DEVY FELICIANO, PRO SE, PLAINTIFF,
v.
MICHAEL J. ASTRUE,*FN1 COMMISSIONER OF SOCIAL SECURITY DEFENDANT.



The opinion of the court was delivered by: Dora L. Irizarry, United States District Judge

MEMORANDUM AND ORDER

Pro se plaintiff Devy Feliciano ("Plaintiff") filed an application for supplemental security income ("SSI") under the Social Security Act (the "Act") on March 8, 2002. Plaintiff's application was denied initially and on reconsideration. Plaintiff testified at a hearing held before an Administrative Law Judge ("ALJ") on December 29, 2003. By decision dated January 16, 2004, the ALJ concluded that plaintiff was not disabled within the meaning of the Act. On June 24, 2005, the ALJ's decision became the Commissioner's final decision when the Appeals Council denied plaintiff's request for review. Plaintiff filed the instant action seeking judicial review of the denial of benefits pursuant to 42 U.S.C. § 405(g) and 1383(c)(3). The Commissioner now moves for judgment on the pleadings pursuant to Fed. R. Civ. P. 12(c), seeking affirmation of the denial of benefits on the grounds that the ALJ properly determined that plaintiff was not disabled, and the factual findings are supported by substantial evidence. Pro se Plaintiff did not oppose the instant motion. For the reasons set forth more fully below, Commissioner's motion is denied. The court finds that the ALJ failed to adequately develop the record and improperly applied the treating physician rule. The court remands this case to the Commissioner for further proceedings.

BACKGROUND

A. Testimonial and Non-medical Evidence

On December 29, 2003, Plaintiff appeared and testified before ALJ Martin K. Kahn. (Tr. 351). Plaintiff, a 42-year-old woman with a high school equivalency diploma, worked "on an off" as a waitress beginning in 1989. (Tr. 353-54). In 1999, Plaintiff stopped working due to chronic joint pain, fatigue, dizziness, asthma, and high blood pressure. (Tr. 354-55). Plaintiff testified that she remains in bed most days, watching television or using the computer and that her son assisted her with grocery shopping, cooking, and cleaning. (Tr. 373-74).

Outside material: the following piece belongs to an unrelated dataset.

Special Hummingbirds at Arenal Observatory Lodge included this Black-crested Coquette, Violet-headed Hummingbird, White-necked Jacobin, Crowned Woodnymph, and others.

Plaintiff was diagnosed with Lupus, which caused her to continuously experience pain in her left hip and leg. (Tr. 355, 359). Additionally, Plaintiff experienced minor and major "flare-ups," which caused joint pain, significant joint swelling, fatigue, nausea, vomiting, abdominal cramps, diarrhea, increased blood pressure, aggravation of asthma, and bad chest pains. (Tr. 356-57, 359). Plaintiff testified that these symptoms inhibited her ability to function. Pain in her fingers prevented her from lifting more than five or six pounds. (Tr. 361). Pain in her left hip and lower back prevented her from standing or sitting for more than ten or fifteen minutes. (Tr. 360). Plaintiff was hospitalized in April, June, and October of 2003. (Tr. 366-68). In addition to these physical impairments, Plaintiff testified that she was bipolar and suffered from post-traumatic stress syndrome. (Tr. 362). She thought about her own death and attempted suicide while under the influence of alcohol in September of 2002.*fn2 (Tr. 365, 378). Additionally, she suffered from panic attacks, particularly when she knew she had to leave her home. (Tr. 364).

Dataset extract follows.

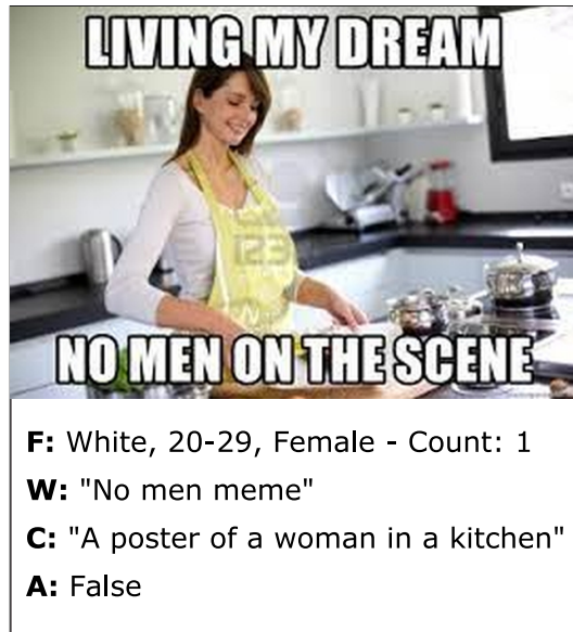
Figure 1: Sample from the training set (top) annotated with Misogynous and Stereotype labels. We enriched the meme with additional information (bottom), namely detected faces (F), web entities (W), caption (C), and adult content (A).

Misogynous memes are an unfortunately common phenomenon. Based on sexist preconceptions, these memes target and degrade women for humor. This intricate nature makes them hard to detect with classical computational models as hate is conveyed by associating known visual concepts with specific textual wording. In the Multimedia Automatic Misogyny Identification task (Fersini et al., 2022) novel systems are required to detect misogynous memes in English. The task is divided into two sub-tasks. Sub-task A requires solving the sole misogynous meme identification (i.e., a binary task). Sub-task B requires recognizing more specific categories, namely stereotype , shaming ,

Plaintiff took prescription medication for her psychiatric problems with limited success. (Tr. 372). She took Plaquenil for Lupus, experiencing hair loss and rashes as side effects. (Tr. 372-73). She took Advair, Abuterol, and used a nebulizer for asthma; however she continued to suffer from attacks. (Tr. 369-70, 379). Plaintiff took medication that controlled her blood pressure. (Tr. 375). She stated that the longest she went without taking medication was three months, and that depression prevented her from obtaining medication at that time. (Tr. 385).

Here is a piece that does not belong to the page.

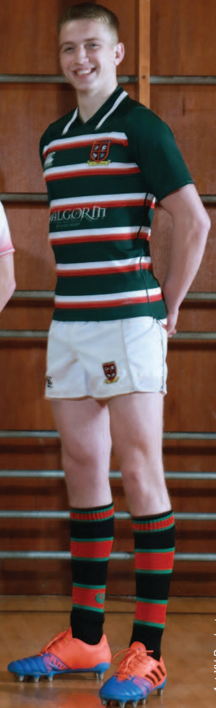
Ulster U18 Rugby squad

B. Medical and Psychiatric Evidence

1. Plaintiff's Medical and Psychological Evidence

In November 2001, Plaintiff visited Dr. Melissa Tracy at the Montefiore Hospital and Medical Center emergency room complaining of chest pains, palpitations, and nearly fainting. (Tr. 124, 126). She was treated and discharged with a prescription for Nefedipine. (Tr. 125). In January 2002, Dr. Wiggs, of Jamaica Hospital, diagnosed Plaintiff with lupus and hypertension. (Tr. 151). Dr. Wiggs noted that Plaintiff was being treated for hypertension, systemic lupus erythematous, and depression. (Tr. 152). Plaintiff visited Dr. Wiggs in May 2002, complaining of increased anxiety and depression, as well as joint pain. (Tr. 247). Dr. Wiggs prescribed Celebrex, Prozac, and Tylenol. (Tr. 248). In June 2002, Dr. Wiggs diagnosed Plaintiff with panic disorder with agoraphobia, anxiety, depression, lupus, and hypertension. (Tr. 249-50). Dr. Wiggs substituted Bextra for Celebrex and refilled prescriptions for Procardia, Ventolin, Trazodone and Klonopin. (Id.) In July 2002, Dr. Wiggs diagnosed Plaintiff with dermatitis, proscribed Proventil for asthma, and referred Plaintiff to a rheumatologist. (Tr. 254). In September 2002, Plaintiff was admitted to Montefiore Medical Center for an extracranial hematoma and for depression after falling and injuring her head due to alcohol consumption. (Tr. 203, 217). Plaintiff was anxious and reported wanting to hurt herself. (Tr. 203, 217). Plaintiff's depression coincided with her alcohol use. (Tr. 223). She was discharged the next day. (Tr. 205).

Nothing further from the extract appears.